• **Exercise instructions**
With the images left out, print all of the records below exactly.

Information shown START

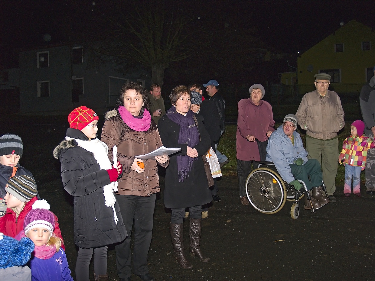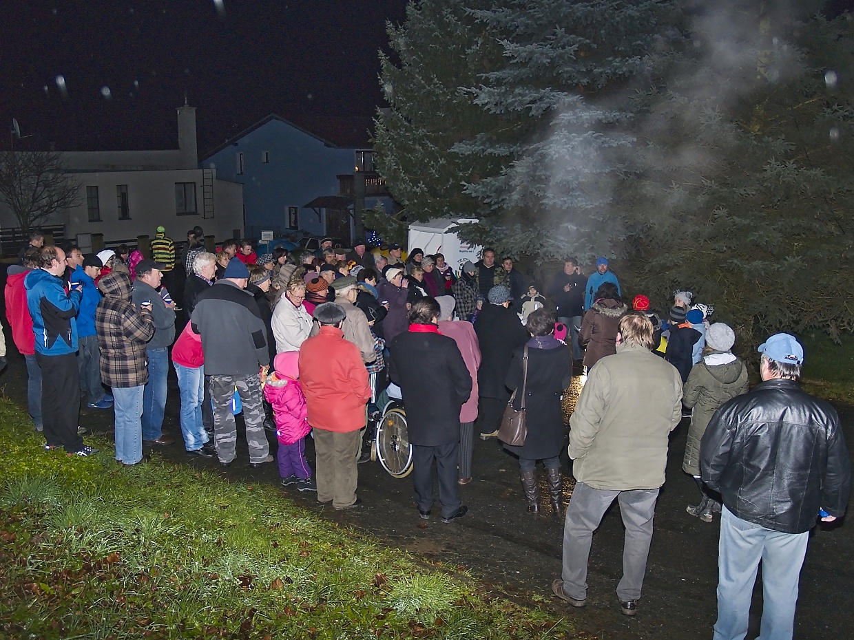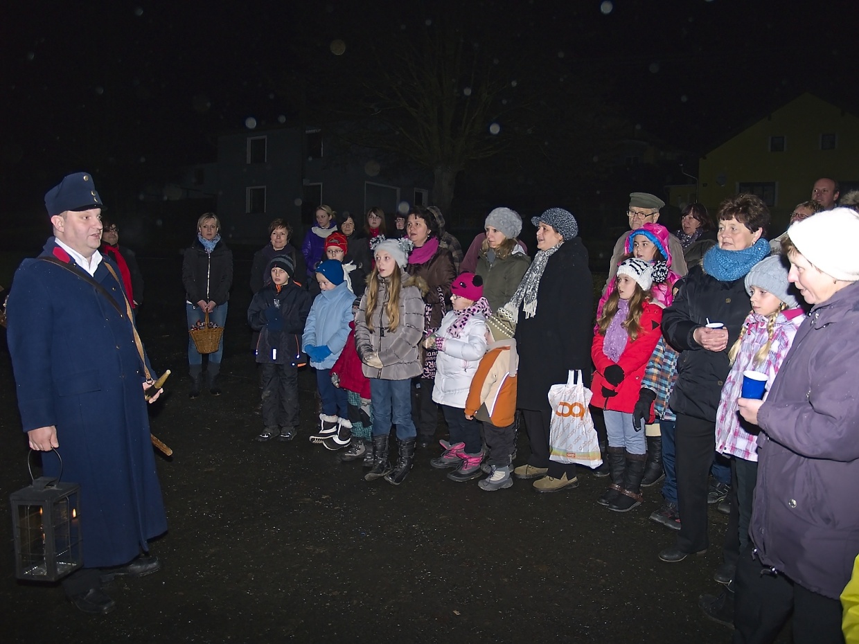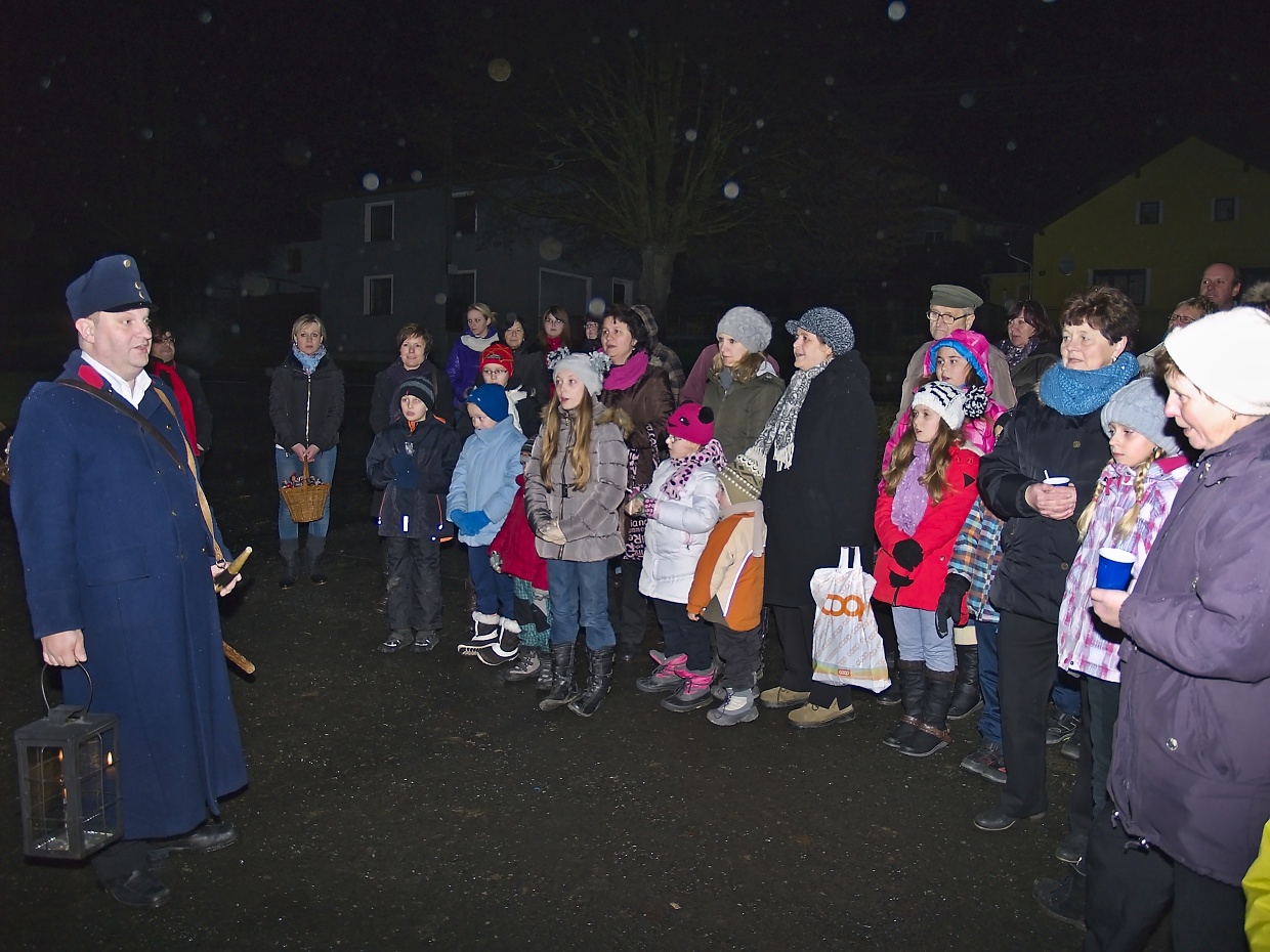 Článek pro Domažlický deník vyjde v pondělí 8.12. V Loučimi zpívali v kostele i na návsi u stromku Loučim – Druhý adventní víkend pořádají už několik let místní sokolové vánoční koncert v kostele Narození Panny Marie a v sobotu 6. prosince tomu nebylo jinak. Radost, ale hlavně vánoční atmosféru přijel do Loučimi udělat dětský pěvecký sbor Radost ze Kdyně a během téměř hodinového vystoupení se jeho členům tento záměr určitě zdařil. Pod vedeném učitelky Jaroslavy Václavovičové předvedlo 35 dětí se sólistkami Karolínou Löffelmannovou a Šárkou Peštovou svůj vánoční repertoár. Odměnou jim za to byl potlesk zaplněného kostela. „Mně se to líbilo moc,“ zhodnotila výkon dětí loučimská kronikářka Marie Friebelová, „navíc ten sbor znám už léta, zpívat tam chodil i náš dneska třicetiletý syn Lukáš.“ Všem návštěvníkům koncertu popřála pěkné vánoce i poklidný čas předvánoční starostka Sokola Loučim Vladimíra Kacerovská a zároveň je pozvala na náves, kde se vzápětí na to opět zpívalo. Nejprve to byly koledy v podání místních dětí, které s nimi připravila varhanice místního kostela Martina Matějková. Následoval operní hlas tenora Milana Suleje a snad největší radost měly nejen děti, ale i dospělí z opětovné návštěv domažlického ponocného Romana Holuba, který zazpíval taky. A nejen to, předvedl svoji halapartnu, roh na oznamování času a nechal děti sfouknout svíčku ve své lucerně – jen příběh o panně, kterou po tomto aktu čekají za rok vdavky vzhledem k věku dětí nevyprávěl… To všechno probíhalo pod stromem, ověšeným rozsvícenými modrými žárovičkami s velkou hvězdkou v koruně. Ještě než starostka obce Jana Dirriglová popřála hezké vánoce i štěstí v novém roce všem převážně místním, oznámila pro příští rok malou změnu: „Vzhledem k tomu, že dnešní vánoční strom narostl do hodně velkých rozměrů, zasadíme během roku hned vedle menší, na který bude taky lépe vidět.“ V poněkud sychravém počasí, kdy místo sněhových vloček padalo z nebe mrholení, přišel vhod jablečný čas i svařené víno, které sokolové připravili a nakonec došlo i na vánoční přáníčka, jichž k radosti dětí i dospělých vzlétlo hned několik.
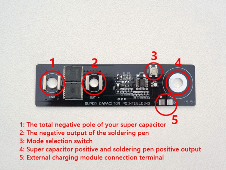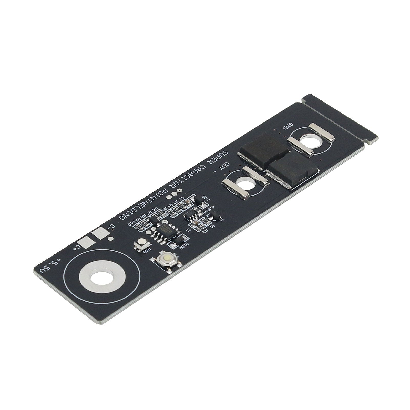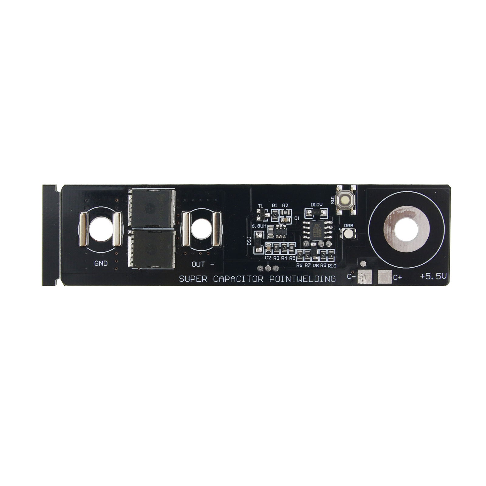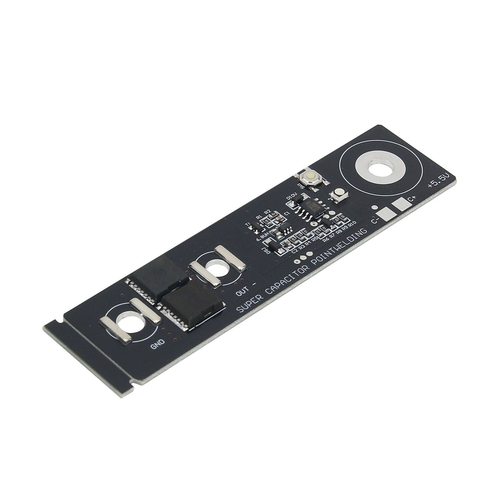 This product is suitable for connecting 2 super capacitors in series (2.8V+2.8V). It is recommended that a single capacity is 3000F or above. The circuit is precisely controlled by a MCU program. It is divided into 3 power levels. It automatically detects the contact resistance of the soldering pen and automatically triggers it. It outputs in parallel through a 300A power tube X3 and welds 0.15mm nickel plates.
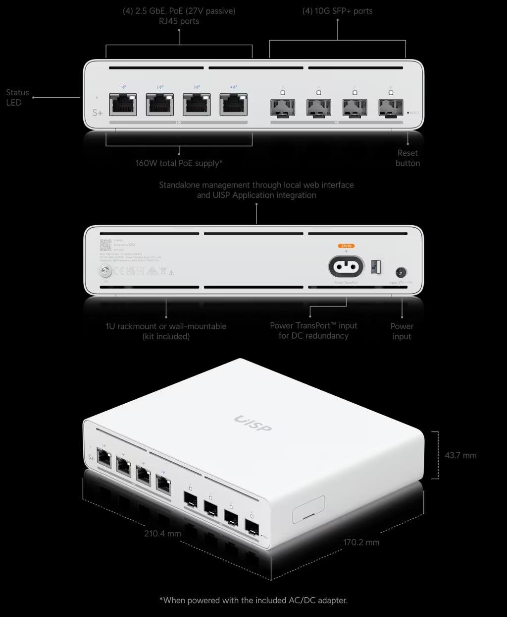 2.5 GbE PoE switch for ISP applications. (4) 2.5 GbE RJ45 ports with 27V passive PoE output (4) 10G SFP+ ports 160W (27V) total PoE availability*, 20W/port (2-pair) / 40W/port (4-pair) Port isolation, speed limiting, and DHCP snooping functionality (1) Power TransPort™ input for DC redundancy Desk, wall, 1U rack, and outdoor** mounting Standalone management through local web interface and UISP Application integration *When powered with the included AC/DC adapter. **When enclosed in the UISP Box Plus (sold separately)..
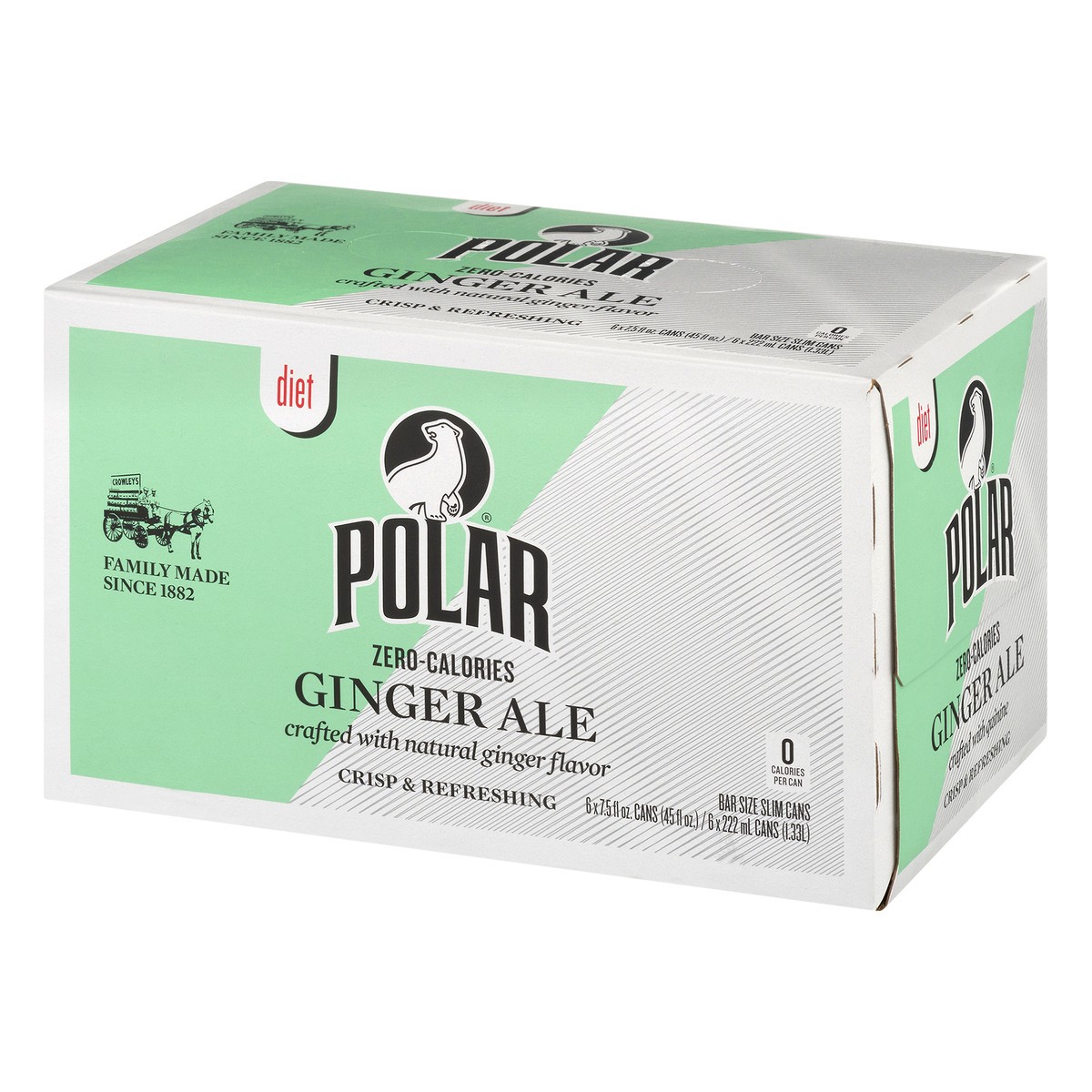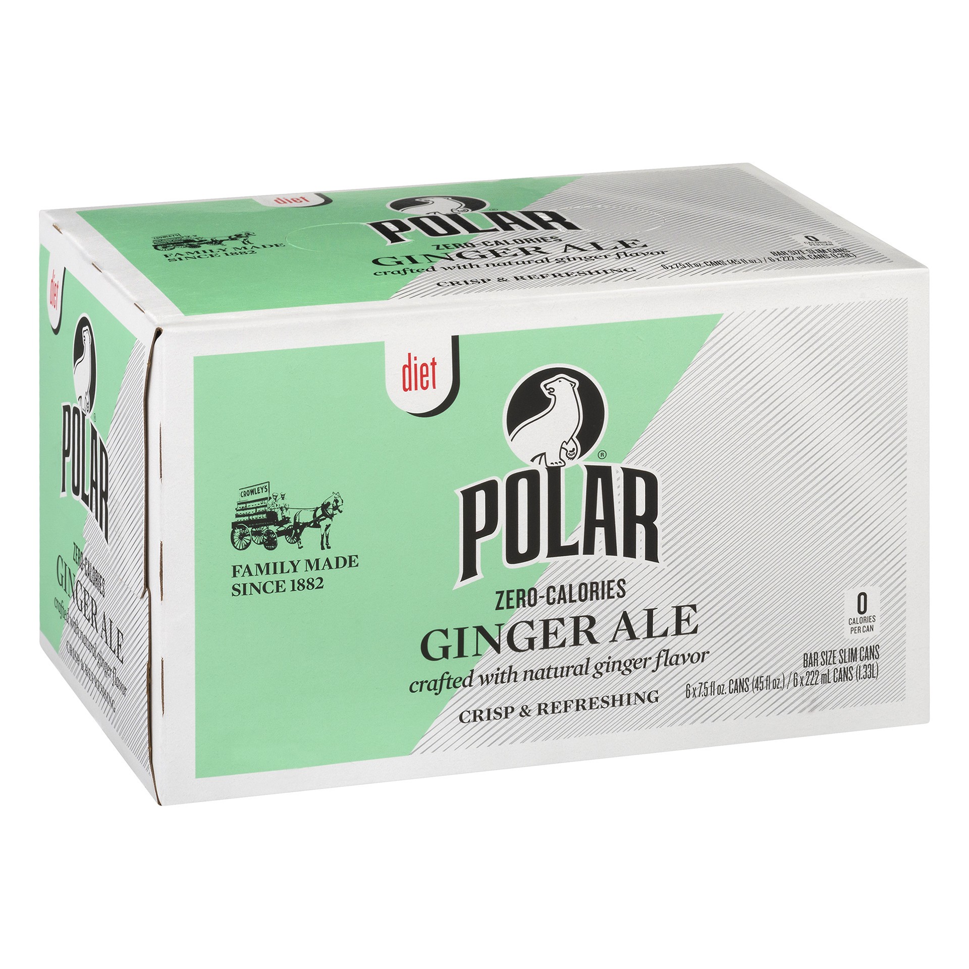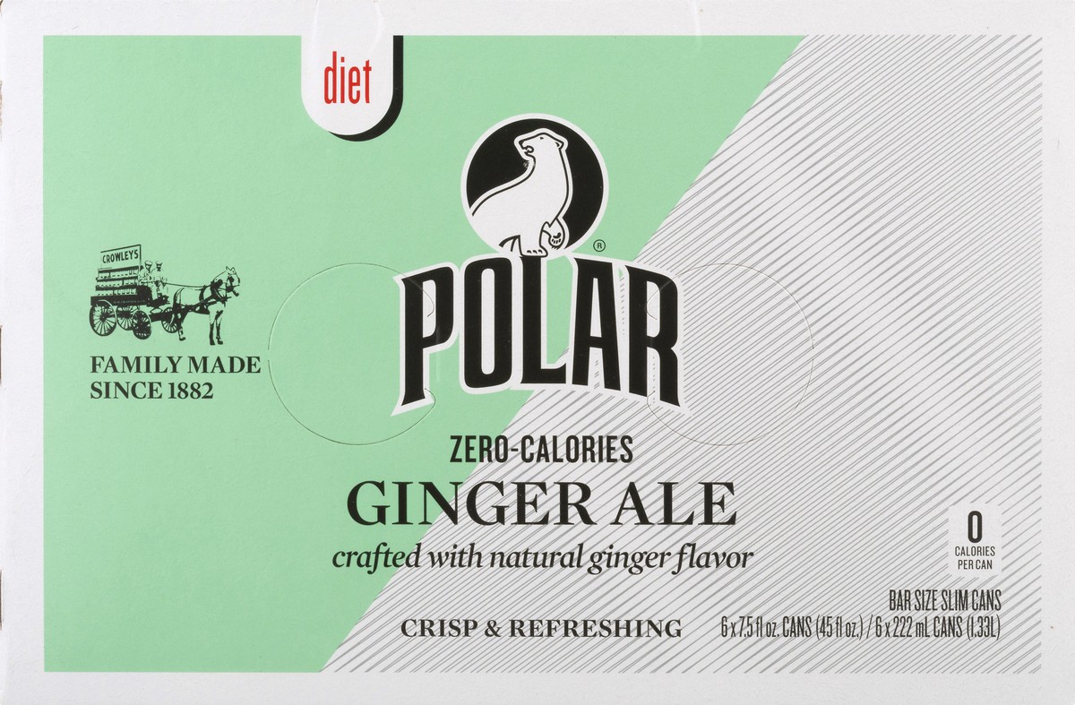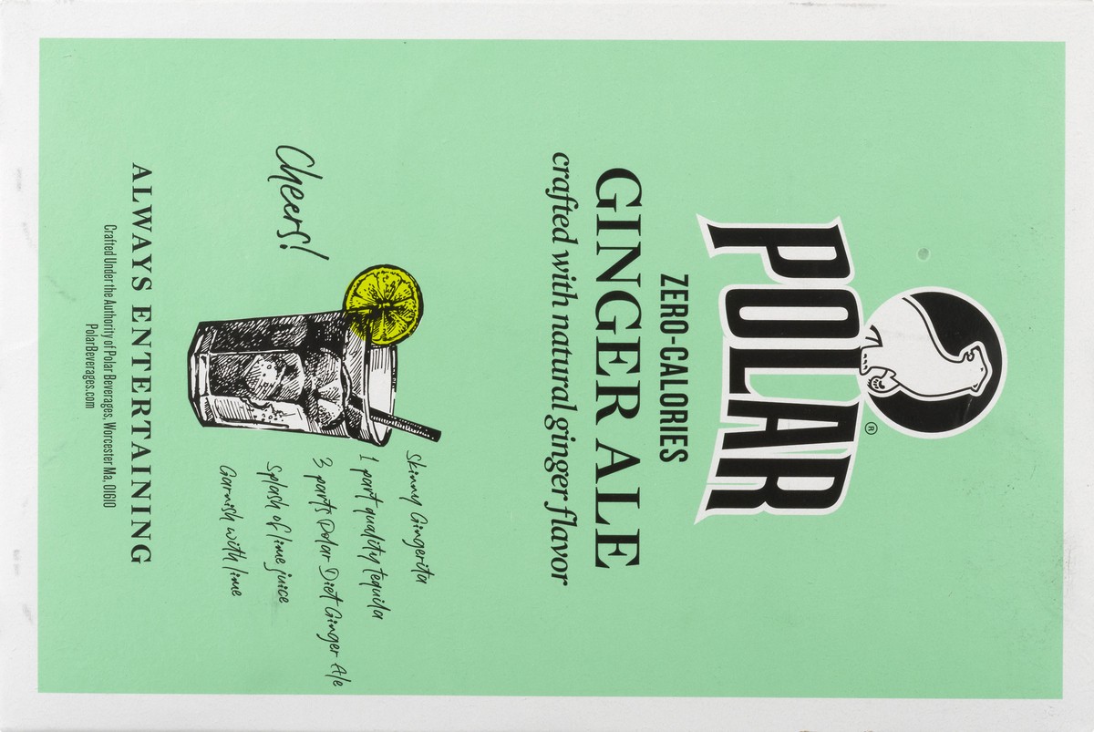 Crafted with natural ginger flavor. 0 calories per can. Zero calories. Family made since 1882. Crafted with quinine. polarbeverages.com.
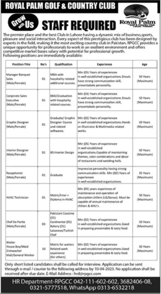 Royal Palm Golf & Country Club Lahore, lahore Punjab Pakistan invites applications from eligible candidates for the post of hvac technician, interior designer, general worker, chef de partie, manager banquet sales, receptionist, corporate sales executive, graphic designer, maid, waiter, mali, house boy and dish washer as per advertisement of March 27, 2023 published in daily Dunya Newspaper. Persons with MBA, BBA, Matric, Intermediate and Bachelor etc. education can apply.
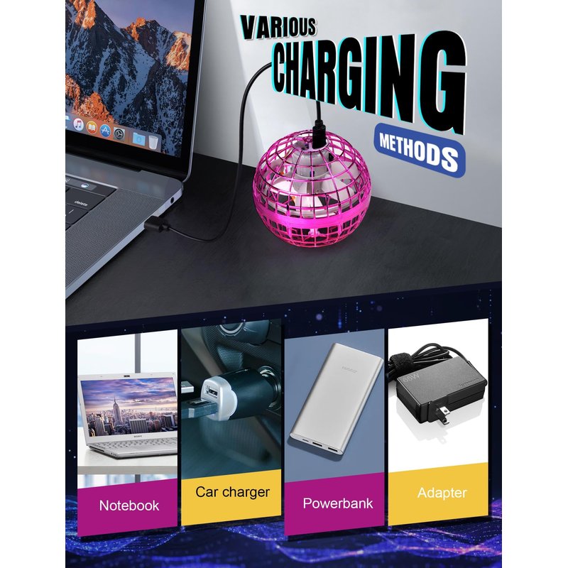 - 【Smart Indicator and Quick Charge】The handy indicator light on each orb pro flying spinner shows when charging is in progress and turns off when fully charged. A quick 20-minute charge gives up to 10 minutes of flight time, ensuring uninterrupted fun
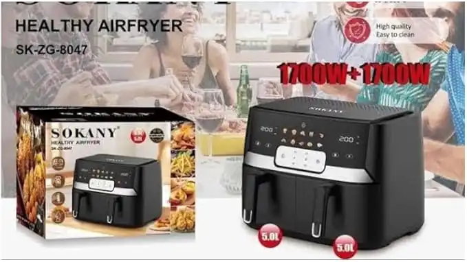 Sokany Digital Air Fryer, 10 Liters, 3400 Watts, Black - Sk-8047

Information shown END

• **Exercise solution**
 Článek pro Domažlický deník vyjde v pondělí 8.12. V Loučimi zpívali v kostele i na návsi u stromku Loučim – Druhý adventní víkend pořádají už několik let místní sokolové vánoční koncert v kostele Narození Panny Marie a v sobotu 6. prosince tomu nebylo jinak. Radost, ale hlavně vánoční atmosféru přijel do Loučimi udělat dětský pěvecký sbor Radost ze Kdyně a během téměř hodinového vystoupení se jeho členům tento záměr určitě zdařil. Pod vedeném učitelky Jaroslavy Václavovičové předvedlo 35 dětí se sólistkami Karolínou Löffelmannovou a Šárkou Peštovou svůj vánoční repertoár. Odměnou jim za to byl potlesk zaplněného kostela. „Mně se to líbilo moc,“ zhodnotila výkon dětí loučimská kronikářka Marie Friebelová, „navíc ten sbor znám už léta, zpívat tam chodil i náš dneska třicetiletý syn Lukáš.“ Všem návštěvníkům koncertu popřála pěkné vánoce i poklidný čas předvánoční starostka Sokola Loučim Vladimíra Kacerovská a zároveň je pozvala na náves, kde se vzápětí na to opět zpívalo. Nejprve to byly koledy v podání místních dětí, které s nimi připravila varhanice místního kostela Martina Matějková. Následoval operní hlas tenora Milana Suleje a snad největší radost měly nejen děti, ale i dospělí z opětovné návštěv domažlického ponocného Romana Holuba, který zazpíval taky. A nejen to, předvedl svoji halapartnu, roh na oznamování času a nechal děti sfouknout svíčku ve své lucerně – jen příběh o panně, kterou po tomto aktu čekají za rok vdavky vzhledem k věku dětí nevyprávěl… To všechno probíhalo pod stromem, ověšeným rozsvícenými modrými žárovičkami s velkou hvězdkou v koruně. Ještě než starostka obce Jana Dirriglová popřála hezké vánoce i štěstí v novém roce všem převážně místním, oznámila pro příští rok malou změnu: „Vzhledem k tomu, že dnešní vánoční strom narostl do hodně velkých rozměrů, zasadíme během roku hned vedle menší, na který bude taky lépe vidět.“ V poněkud sychravém počasí, kdy místo sněhových vloček padalo z nebe mrholení, přišel vhod jablečný čas i svařené víno, které sokolové připravili a nakonec došlo i na vánoční přáníčka, jichž k radosti dětí i dospělých vzlétlo hned několik.
 This product is suitable for connecting 2 super capacitors in series (2.8V+2.8V). It is recommended that a single capacity is 3000F or above. The circuit is precisely controlled by a MCU program. It is divided into 3 power levels. It automatically detects the contact resistance of the soldering pen and automatically triggers it. It outputs in parallel through a 300A power tube X3 and welds 0.15mm nickel plates.
 2.5 GbE PoE switch for ISP applications. (4) 2.5 GbE RJ45 ports with 27V passive PoE output (4) 10G SFP+ ports 160W (27V) total PoE availability*, 20W/port (2-pair) / 40W/port (4-pair) Port isolation, speed limiting, and DHCP snooping functionality (1) Power TransPort™ input for DC redundancy Desk, wall, 1U rack, and outdoor** mounting Standalone management through local web interface and UISP Application integration *When powered with the included AC/DC adapter. **When enclosed in the UISP Box Plus (sold separately)..
 Crafted with natural ginger flavor. 0 calories per can. Zero calories. Family made since 1882. Crafted with quinine. polarbeverages.com.
 Royal Palm Golf & Country Club Lahore, lahore Punjab Pakistan invites applications from eligible candidates for the post of hvac technician, interior designer, general worker, chef de partie, manager banquet sales, receptionist, corporate sales executive, graphic designer, maid, waiter, mali, house boy and dish washer as per advertisement of March 27, 2023 published in daily Dunya Newspaper. Persons with MBA, BBA, Matric, Intermediate and Bachelor etc. education can apply.
 - 【Smart Indicator and Quick Charge】The handy indicator light on each orb pro flying spinner shows when charging is in progress and turns off when fully charged. A quick 20-minute charge gives up to 10 minutes of flight time, ensuring uninterrupted fun
 Sokany Digital Air Fryer, 10 Liters, 3400 Watts, Black - Sk-8047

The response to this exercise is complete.